Bumpin it to the top.....Anyone else gonna order some shirts?


----------



## BassAddict (Nov 17, 2008)

Im gonna order, just figureing out if i should go large or extra large hoodie


----------



## shamoo (Nov 17, 2008)

BassAddict said:


> Im gonna order, just figureing out if i should go large or extra large hoodie


 Ummmm, I would say PETITE :wink:  , only kidding there hulkster, go wit X-Large, it'll leave room for clothing if it gets cold.


----------



## Captain Ahab (Nov 17, 2008)

shamoo said:


> BassAddict said:
> 
> 
> > Im gonna order, just figureing out if i should go large or extra large hoodie
> ...




He is always cold there in the Mississippi delta :lol:


----------



## paulk (Nov 17, 2008)

Orders in.


----------



## BassAddict (Nov 17, 2008)

shamoo said:


> BassAddict said:
> 
> 
> > Im gonna order, just figureing out if i should go large or extra large hoodie
> ...



This is true Mr. Moo





Captain Dummy Head said:


> He is always cold there in the Mississippi delta :lol:



And no one knows this better than Dave, god knows I complain to him enough when the temps just in the 50's............................. Man its gonna be a cold winter!!!


----------



## russ010 (Nov 18, 2008)

I wish I was going to have these hoodies for this weekends fishing trip... it's supposed to be in the 40s... I know, all you northerners think that like summer - but, we've been having weather swings and it's wreaking havoc on my sinuses.


----------



## bcritch (Nov 20, 2008)

Bumping it back up.............. It's starting to get cold here in Jersey and I'm looking forward to a new hoodie :lol:


----------



## Popeye (Nov 26, 2008)

russ010 said:


> ...it's supposed to be in the 40s... I know, all you northerners think that like summer...

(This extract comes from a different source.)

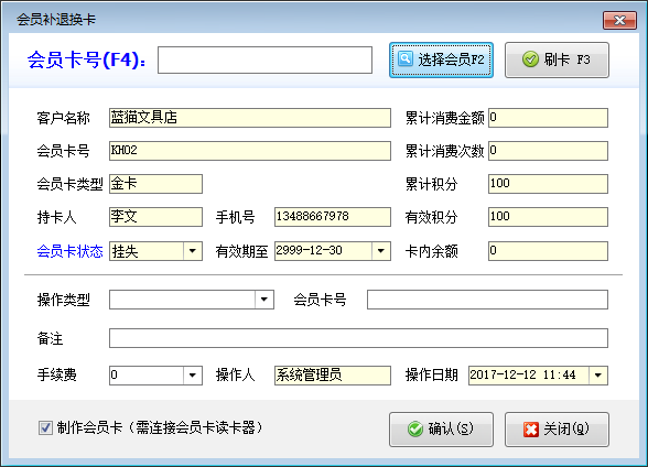 | 1 | 會員制卡 | 制作會員卡需連接會員卡讀卡器,輸入會員卡號后,點擊“確認制卡”按鈕即會員卡開卡成功;如沒有輸入會員卡號,系統將根據卡片硬件序列號自動生成會員卡號。 |

Today we had a guy come over to measure for replacement windows and I was walking around outside with him. It was 38 degrees and I was wearing jeans and a t-shirt with no shoes or socks. Didn't feel cold, the sun was out.


----------



## FishingBuds (Nov 26, 2008)

Oppinion needed, 

I'd like to get my 11yr old son a Hanes HF170 Hoodie for him, he's 125pds and 54inches tall, jim do ya got youth sizes?? if not I'm thinking Large for him then?

I know my size :lol: xxx


----------



## Jim (Nov 27, 2008)

FishingBuds said:


> Oppinion needed,
> 
> I'd like to get my 11yr old son a Hanes HF170 Hoodie for him, he's 125pds and 54inches tall, jim do ya got youth sizes?? if not I'm thinking Large for him then?
> 
> I know my size :lol: xxx




Tough question...Large might be too big too. It will definitely give him time to grow into it.


----------



## FishingBuds (Nov 27, 2008)

Thanks Jim order is in to ya :wink: 

Guys if your a tinboat.net member ya gotta have a shirt 8)


----------



## russ010 (Nov 27, 2008)

FishingBuds said:


> Oppinion needed,
> 
> I'd like to get my 11yr old son a Hanes HF170 Hoodie for him, he's 125pds and 54inches tall, jim do ya got youth sizes?? if not I'm thinking Large for him then?
> 
> I know my size :lol: xxx




take him to wal-mart and have him try on one of their hanes hoodies - I know they carry them at the walmart here in ga


----------



## FishingBuds (Nov 27, 2008)

russ010 said:


> FishingBuds said:
> 
> 
> > Oppinion needed,
> ...




#-o should've thought of that one


----------



## russ010 (Nov 27, 2008)

but if he's just 11... he's about to hit a growing spurt so you might just wanna be safe and go ahead and get him a large and let him grow into it..


----------



## BassAddict (Dec 3, 2008)

Come on guys get your orders in, as per the newsletter Jim wants to get the order in by the weekend! Im sending mine in as we speak!!!


----------



## Captain Ahab (Dec 3, 2008)

BassAddict said:


> Come on guys get your orders in, as per the newsletter Jim wants to get the order in by the weekend! Im sending mine in as we speak!!!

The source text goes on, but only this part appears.